The transfer functions of the high-pass filter HP ₁ and the low-pass filter TP ₁ according to the equations (1) map the transmission behavior of the two filters in the analog frequency range. As already explained, it is possible to realize the filter arrangement according to the invention in an engine control unit either analogously, by electronic circuits, or discretely, by calculation functions of a computing unit. For the discrete calculation of the filters HP ₁ and TP ₁ , the following difference equations apply, the gains V _HP and V _{TP being} respectively set to one, the time constants T _HP and T _TP remaining variable and the parameter ν denoting the respective time or calculation cycle : HP 1 : x hp (ν) = r 1 · (X hp (ν - 1) - x (ν - 1) + x (ν)) (3) TP 1 : x filt (ν) = z 0 .x filt (ν - 1) + (1 - z 0 ) · X (ν) (4).

The parameter r ₁ represents the discrete counterpart to the analog time constant T _HP and z _{0 is} the discrete counterpart to the analog time constant T _VP , whereby the known relations to be taken into account in the discretization of analog transfer functions apply.

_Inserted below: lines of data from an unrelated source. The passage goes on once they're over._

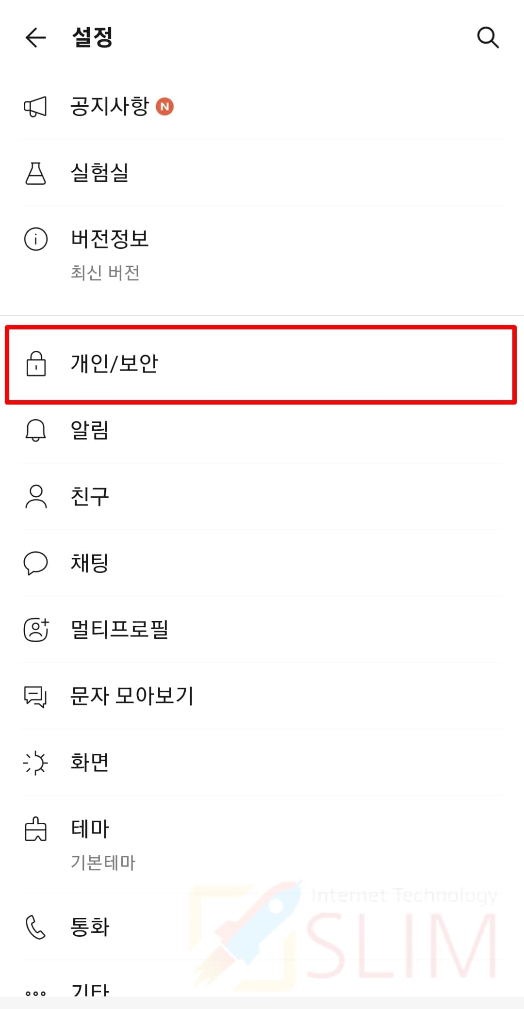 3. 개인/보안을 클릭합니다.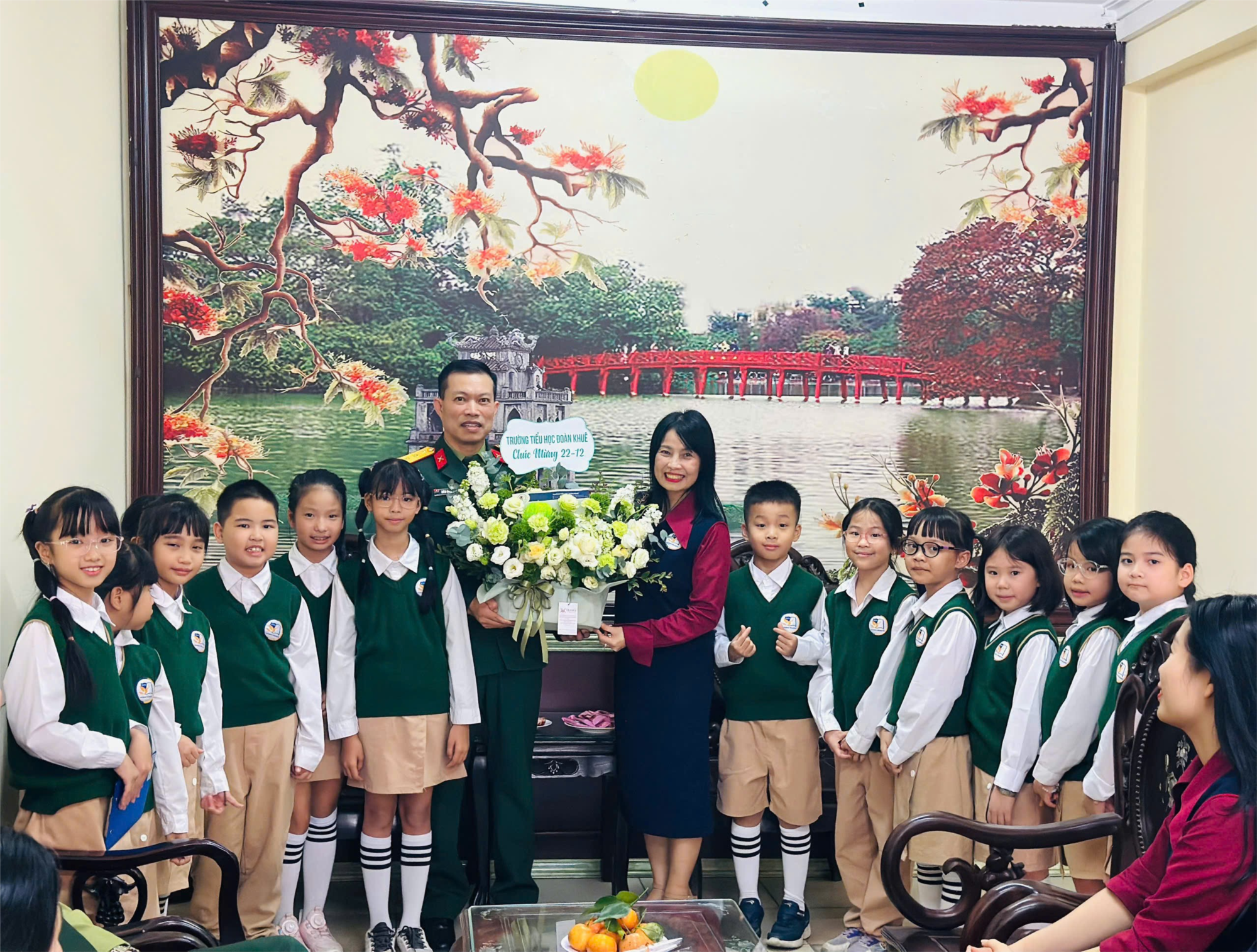 Đại diện BGH nhà trường cùng các bạn HS tiêu biểu Khối 3 có lẵng hoa tươi chúc mừng Đơn bị Kết nghĩa – Đoàn 871 nhân ngày 22/12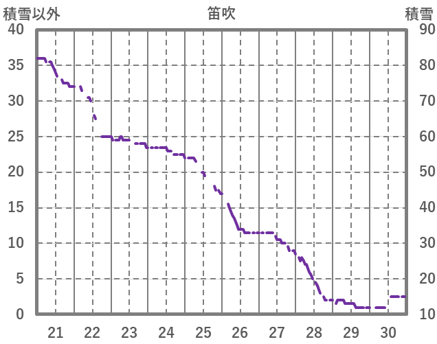 | 日 | 時 | 気温 | 降水 | 風向/風速 | 日照 | 積雪 | 降雪 |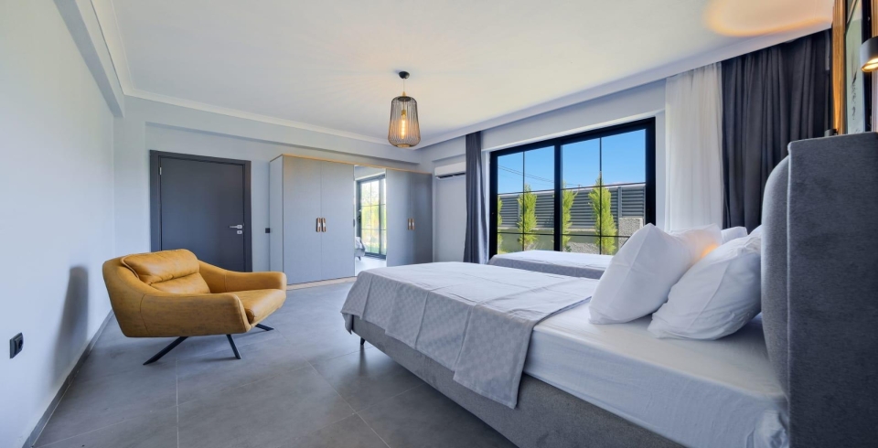 1. Yatak Odası: 1 çift kişilik yatak, komodin, banyo/WC, klima, elbise dolabı, makyaj masası ve berjer bulunmaktadır.

7 shows a comparison of the known method with the particular embodiment of the method according to the invention. Again, the example of the driver request in a motor vehicle with internal combustion engine was chosen. The signal of the gas pedal converted into the required engine torque T _q _soll is filtered both with the known IT ₁ filter arrangement, from which the signal T _q _soll_filt_SdT arises, as well as with the arrangement of HP ₁ filter, function f (x _hp ) according to the equation (2) and TP ₁ filter whose output signal is the signal T _q _soll_filt. The filtered signals are both also still guided over a Gradientenbegrenzer, which can be seen in particular in the period between 51.6 and 52 sec. 7 illustrates the improvements that are achieved in the filtered waveform T _q _soll_filt by the inventive method, in particular the avoidance of the discontinuities and the reduction of the mean delay, which is particularly clear in the time range between 51 and 51.5 sec.

Claims (7)

Method for smoothing a sensor signal, in particular an input signal of a control unit of a Internal combustion engine, with a low-pass filter of the first order, characterized through the steps: - Filtering the sensor signal with a high pass filter, - Determination the time constant of the low-pass filter as a function of the current value the output signal of the high-pass filter, - Filtering directly on the low-pass filter adjacent sensor signal with the low-pass filter. Method according to claim 1, characterized in that that the output of the high pass filter is linear in the time constant received. Method according to one of the preceding claims, characterized characterized in that the time constant by multiplying the current value of the output signal with a first parameter is determined. Method according to one of the preceding claims, characterized characterized in that the time constant by adding the current Value of the output signal is determined to a second parameter. Method according to one of the preceding claims, characterized characterized in that the absolute value of the output signal in the Time constant is received. Method according to one of the preceding claims, characterized characterized in that the high pass filter is a first order filter is. Method according to one of the preceding claims, characterized characterized in that the low-pass filter is unity gain Has.